Digital ‘watermarks’ will not save us from deepfakes and AI-generated fraud

It is fast becoming apparent that we are living in a new age of inauthenticity, midwifed in no small measure by generative AI. This week brought news of robocalls in New Hampshire using a voice impersonating President Joe Biden—almost certainly created with easily available voice cloning AI software— urging Democrats to “save their vote” for November and not to vote in today’s Republican primary. New Hampshire has open primaries, meaning voters do not have to be registered party members to vote, and some Democrats had hoped to hurt Donald Trump’s chances of securing the GOP nomination by casting ballots for his rival Nikki Hailey.

State election authorities are investigating the robocalls but there is little the government can do to prevent AI-aided dirty tricks such as this. It seems likely that with more than 4 billion people globally eligible to vote in various elections this year, not least the U.S. presidential vote, voice cloning is on track to superpower election interference. It is also enabling frightening new scams in which fraudsters use voice cloning to impersonate the victim’s loved ones in distressing situations (usually held captive by kidnappers or arrested and in need of bail money). More significant for Eye on AI’s business readers, perhaps, are scams in which con artists impersonate a CEO or company director and ask a finance or corporate treasury executive to make an urgent payment to “seal a secret acquisition deal”—that just happens to send the money straight to an offshore account the fraudsters control. None of this seems to have dissuaded investors from piling into synthetic media companies such as AI voice cloning pioneer ElevenLabs. The London-based startup just raised an additional $80 million from some of Silicon Valley’s best-known venture capital funds, including Andreessen Horowitz and Sequoia Capital, in a deal that values it at $1.1 billion.

Many people have suggested that “digital watermarking” will help turn off the spigot on the firehose of falsehood AI generates. But another story from this week shows why that is unlikely to be the case. Samsung’s new Galaxy S24 smartphone (which my Eye on AI colleague Sage Lazzaro reported on in Thursday’s newsletter) comes with generative AI photo editing tools. Realizing that this would raise concerns about the ease of creating manipulated scenes and deepfakes, the company decided that all images created with its AI editing tools would bear a visible digital watermark—an icon with four star shapes—in the lefthand corner. But, as journalists for Gizmodo quickly reported, the digital watermark can be easily removed using (checks notes) the phone’s own AI editing tools.

Now, the S24 also automatically adds metadata to the image file that indicate AI effects have been added. This metadata may be a bit harder to scrub clean than removing the watermark. But probably not that hard. And this is why digital watermarking, which has now been rolled out by Adobe, Microsoft, and others, is no silver bullet for the problem of deepfakes and other kinds of generative AI fraud. It is simply too easy for bad actors to figure out ways to remove the watermarks or bypass the watermarking process. (Compared to images, there is even less consensus about exactly how to watermark AI-generated text and audio. OpenAI was working on a cryptographic-based watermark for the text ChatGPT produces, but it has not been implemented in production, and some researchers have already figured out ways to get around it.)

This brings me back to my conversation from a few weeks ago with Getty Images CEO Craig Peters. First, Peters related an astounding statistic that attests to the urgency of the problem: There have been more images produced with AI in the past 12 months than lens-based photographs. And that trend will only accelerate. Peters says what’s needed is a layered approach to authenticity. He’s in favor of metadata that provides an indication of photo manipulation, but knowing metadata can be altered, he says this alone is insufficient. In addition, he says there should be a global effort to create a provenance standard that includes a cryptographic hash stored in an immutable database that anyone could check to verify if an image is AI-created or if it comes from an authentic source.

Currently, Adobe has been promoting a Content Authenticity Initiative that includes encrypted metadata to track the provenance of images, along with related “Content Credentials” for AI-generated ones.
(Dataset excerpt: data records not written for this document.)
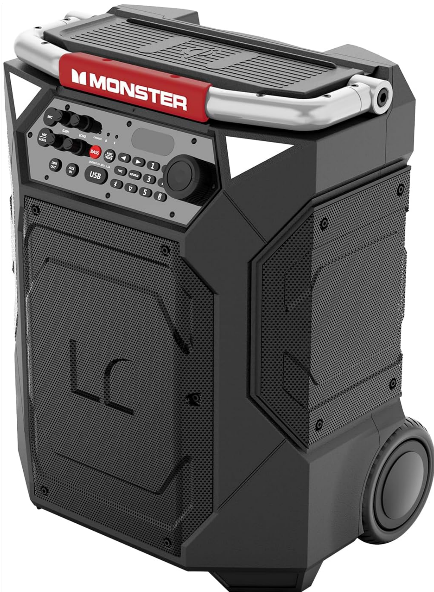
Image: Side view of the speaker, illustrating its large wheels and the extended telescoping handle for easy transport.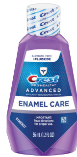
Crest® PRO-HEALTH™ Advanced Enamel Care Mouthwash Two cases of 48, 36mL bottles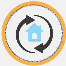
Whole Room Circulation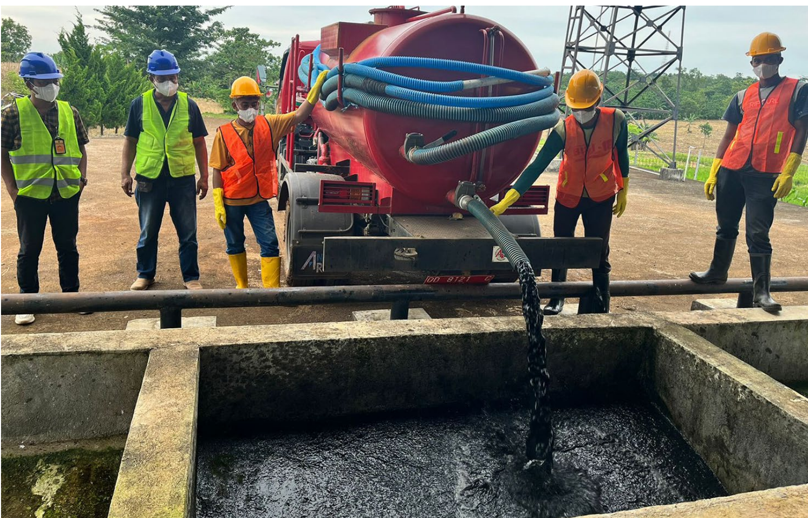
USAID IUWASH Tangguh

USAID INDONESIA URBAN RESILIENT WATER, SANITATION, AND HYGIENE (IUWASH TANGGUH)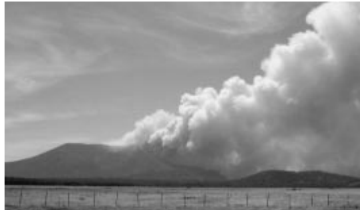
Lightning caused Pumpkin Fire on Kendrick Mountain on the Kaibab and Coconino Forests.

During June, 10% of the Tonto National Forest, 52% of the Coconino National Forest, and 83% of the Kaibab National Forest, were closed to public access. Virtually all public lands were under fire restrictions, which prohibit campfires, charcoal grills, and smoking outdoors. What did this mean for trail users? Trails and forest roads within the closure areas were off limits. While late to arrive, the monsoons finally brought much needed rain. This brought relief to all who feared a repeat of the Los Alamos and Montana fires in Arizona.

Both are based on a cryptographic standard called C2PA. Besides Adobe, hundreds of organizations have signed up to this standard, including most notably camera-makers like Nikon and Leica, as well as Microsoft, which labels all of Bing’s AI-created images using C2PA-compliant Content Credentials. But, as Peters notes, C2PA is itself a flawed standard and there have already been cases where people have managed to change the metadata of AI-generated images to make them appear legitimate. He says we need something better. Getty is working on it, he says—but it isn’t there yet.

So, no watermarking is not going to save us this election year. We’ll need to muddle through another year of post-truth, our skepticism ramped up to 11. But we better find a solution soon. Distrust is insidious and corrosive to democracy and society.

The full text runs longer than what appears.